Hay unas bolsitas de papel que contienen material para absorber la humedad. De hecho en la caja (editado: la de cartón) que venían tanto mi desktop como mi laptop venían unas cuantas (dos en el caso del desktop y una en el del laptop). Pásate por cualquier ferretería y pregunta, son muy baratas, introduce unas dos o tres dentro de la caja (vuelvo a editar: la metálixca). ¡Ojo! en ambientes muy húmedos tienen una fecha de caducidad muy limitada, es decir, tendrás que cambiarlas habitualmente, pregúntale al ferretero y dile que te aconseje acerca del periodo útil de las mismas en tu zona (si es que lo conoce, o tiene guías indicativas).

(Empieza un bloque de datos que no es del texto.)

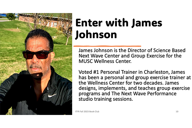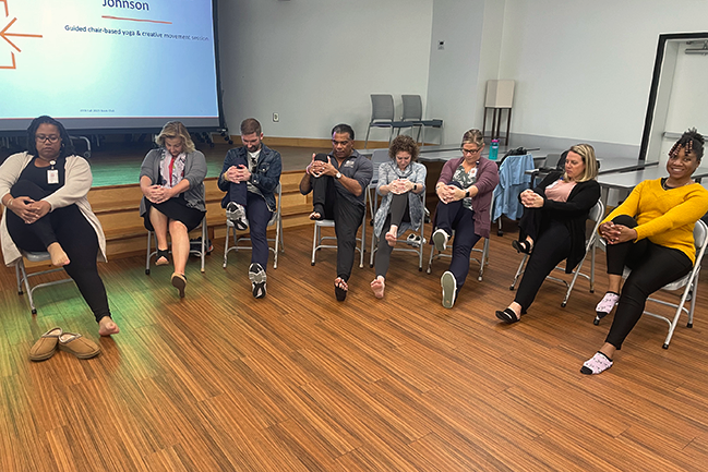 Mr. James Johnson, a personal trainer and Director of Science-Based Next Wave Center and Group Exercise at the MUSC Wellness Center led us through an amazing chair-based yoga and creative movement session. During this time, he introduced the group to various poses that helped encourage strength and mindful breathing. In the opening of Chapter 4, Hrach discusses her own experience using yoga to begin class with “…a series of gentle neck movements…leading students through slow inhaling and exhaling as I count and model the movements.” p. 107
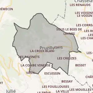 - Розташування муніципалітету Прюзії на мапі Франції та сусідні муніципалітети
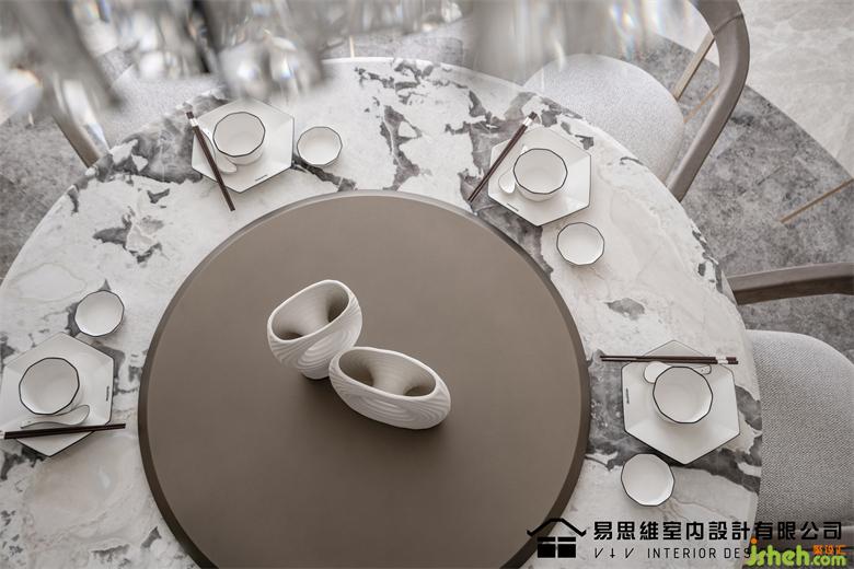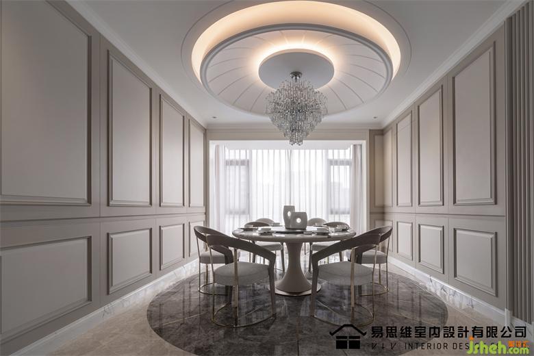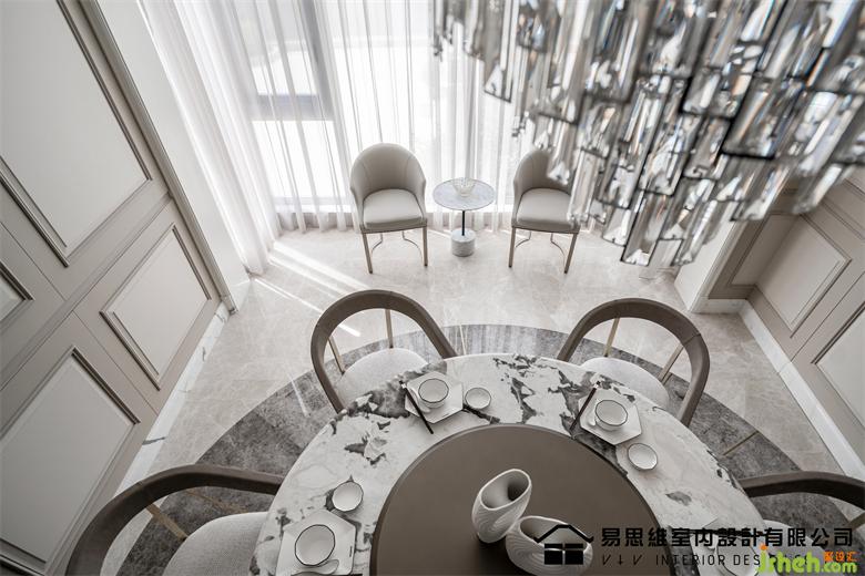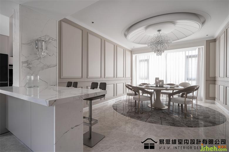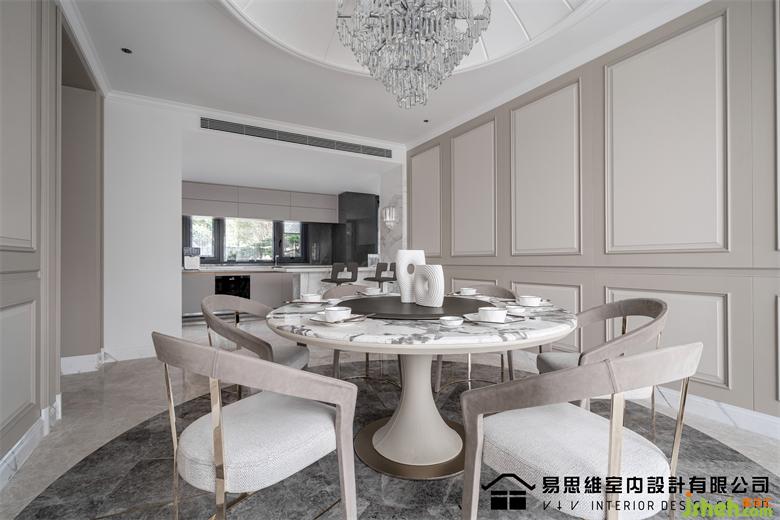 在經(jīng)典的造型與現(xiàn)代舒適感之間找到其節(jié)奏。別墅設(shè)計(jì)材質(zhì)輕微細(xì)膩的變化給空間帶來活力與藝術(shù)的展現(xiàn),低調(diào)有機(jī)的完美結(jié)合。穹頂天花與地面拼花形成時(shí)空的圍合,包裹著聚餐的歡愉時(shí)光,成為物理、感官、情緒相互相融的容器。

Es la primera solución que se me ocurre.

Quería además hacerte un comentario personal, no es necesario introducir los scripts en /root/ para aumentar la seguridad, un chmod 700 basta y sobra, por mucho que se encuentren en /etc/   :Wink:    Prueba y verás (lo comento con respecto a lo que dijiste de iptables a otro usuario)

----------

## Cereza

Pues me interesa mucho lo de esas bolsitas y no tenía ni idea, buscaré, muchas gracias, es algo que me traía un poco de cabeza.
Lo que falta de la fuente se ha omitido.